PT GKP tidak punya legitimasi lakukan aktivitas pertambangan

TAPaK menguraikan, saat ini warga Pulau Wawonii juga berjuang melawan gugatan PT GKP yang ingin melegalkan pertambangan di pulau-pulau kecil. Pulau Wawonii sendiri hanya memiliki luas sebesar 715 km persegi, artinya pulau tersebut tergolong sebagai pulau kecil menurut UU PWP3K.

Dengan demikian, PT GKP tidak memiliki legitimasi melakukan pertambangan nikel di pulau tersebut. Permohonan uji materiil yang diajukan PT GKP dapat dinilai sebagai upaya perusahaan untuk melegalkan aktivitas tambang di Pulau Wawonii, walaupun secara hukum pertambangan dilarang atau ilegal di pulau-pulau kecil.

Sebelumnya, Pengadilan Tata Usaha Negara (PTUN) Jakarta membatalkan Izin Pinjam Pakai Kawasan Hutan (IPPKH) milik PT GKP, September 2023. Putusan ini menyetop kegiatan pertambangan PT GKP di Pulau Wawonii. Akan tetapi, anak perusahaan Harita Group itu kembali melakukan aktivitas pertambangan setelah Pengadilan Tinggi Tata Usaha Negara (PTTUN) Jakarta memenangkan banding PT GKP atas keputusan sidang PTUN terkait IPPKH, Januari 2024.

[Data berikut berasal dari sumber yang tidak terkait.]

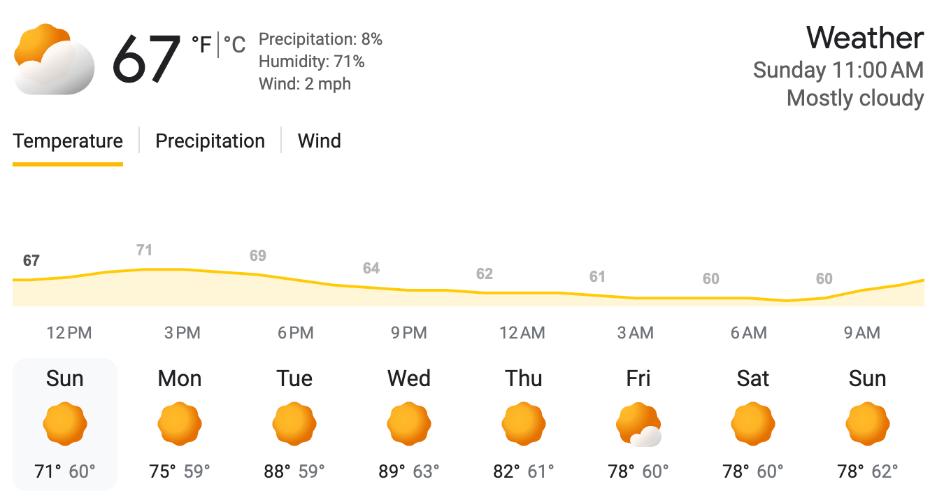 As of Sunday 10-26-2025 | (Source: Google Weather)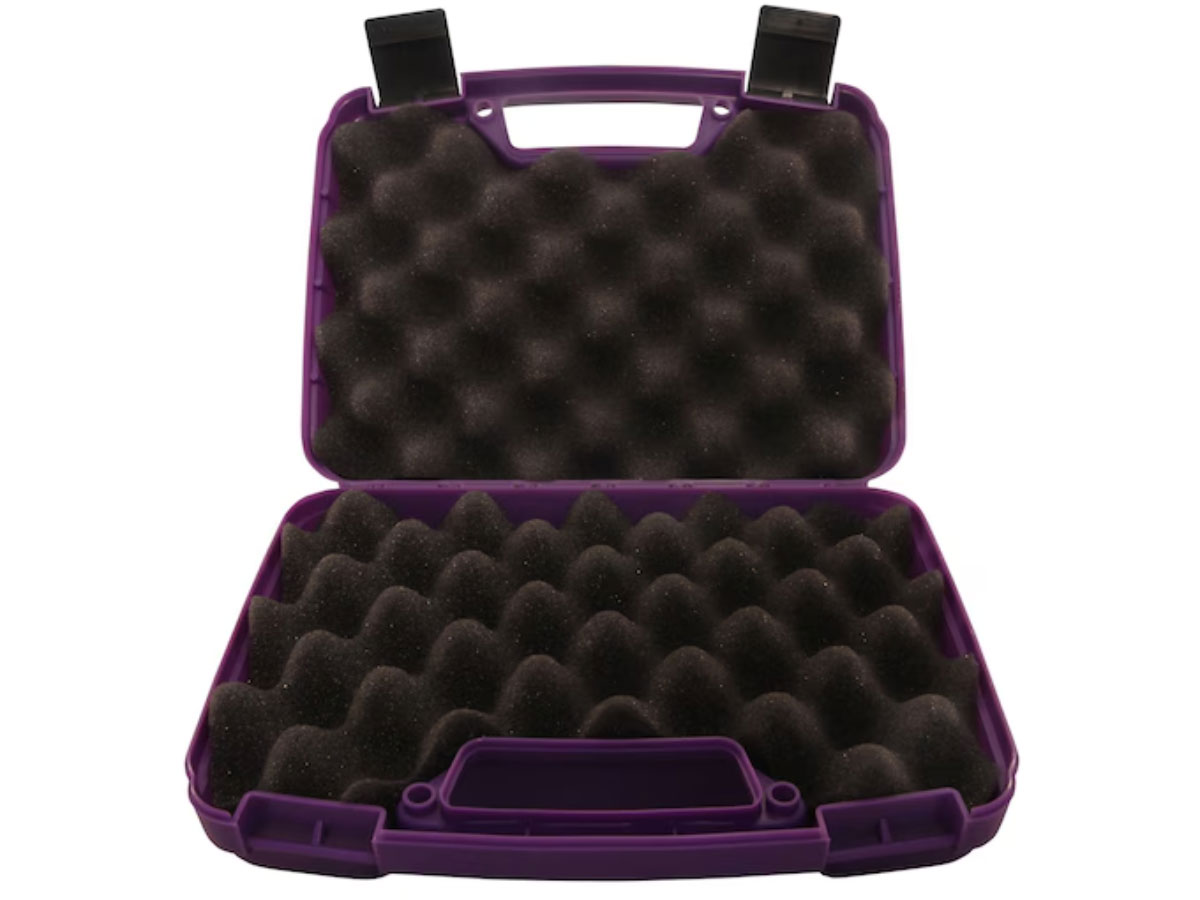 MTM's latest line of firearm cases is their exclusive PACKED-N COLOR, featuring a purple finish. All four of MTM’s Snap Latch, Handgun Cases offer durable construction, reliable snapping latches and a large comfortable handle. Each is made of rugged polypropylene with a handsome textured finish. Thick foam padding and double padlock tabs are provided for the utmost in protective security.

Aktivitas pertambangan tersebut kembali mencemari sumber air yang digunakan warga untuk memenuhi kebutuhan sehari-hari. Sumber air yang perlahan-lahan mulai jernih setelah PT GKP berhenti beroperasi, kini kembali berwarna coklat bercampur dengan lumpur akibat limbah pertambangan nikel.

Tercemarnya sumber air itu kembali menciptakan krisis air bersih bagi warga di Pulau Wawonii. Dalam skala yang lebih masif, kehadiran PT GKP mampu menambah konflik sosial dan kasus penyerobotan lahan pertanian milik warga secara lebih besar. Selain itu, PT GKP akan terus mengancam kekayaan ekosistem flora maupun fauna yang ada di pulau kecil itu.

Warga Pulau Wawonii, Mando Maskurin, mengungkapkan, sejak PT GKP memenangkan banding IPPKH, perusahaan ini mulai beroperasi lagi. Sungai dan air yang dikonsumsi dan digunakan sehari-hari oleh warga sudah keruh lagi. Air sudah tercemar, padahal sumber air warga dulu sangat jernih.

"Sekarang sudah mulai susah untuk mencari air bersih. Selain itu timbul ancaman, seperti kapal tongkang yang mulai berdatangan dan mengganggu aktivitas nelayan bahkan mengancam ekosistem laut di Pulau Wawonii," katanya.

Warga Pulau Wawonii lainnya, Wilman, menganggap putusan MK ini adalah kemenangan bagi rakyat. Selain itu, kerja sama dari TAPaK juga memberikan semangat bagi masyarakat wilayah pesisir dan pulau-pulau kecil. Tapi, pengawalan secara kolektif harus tetap dipantau terkait IPPKH.

"Harapannya PT GKP bisa meninggalkan Pulau Wawonii sesegera mungkin. Selain itu, kami mendesak kembali MK untuk mengabulkan kasasi terkait IPPKH agar PT GKP berhenti beroperasi," ujarnya

Anggota TAPaK, Parid Ridwanuddin, menuturkan Indonesia merupakan negara kepulauan terbesar di dunia. Berkaitan dengan itu dan putusan hari ini, TAPaK mendesak pemerintah untuk mengevaluasi dan menghentikan seluruh pertambangan di pulau-pulau kecil yang tersebar di Nusantara, dari Sabang sampai Merauke.

"Jika tidak bisa melakukan hal tersebut, seluruh masyarakat di pesisir dan pulau kecil harus bersatu untuk menghentikan dan mengeluarkan tambang dari ruang hidup mereka," ucap Ridwan.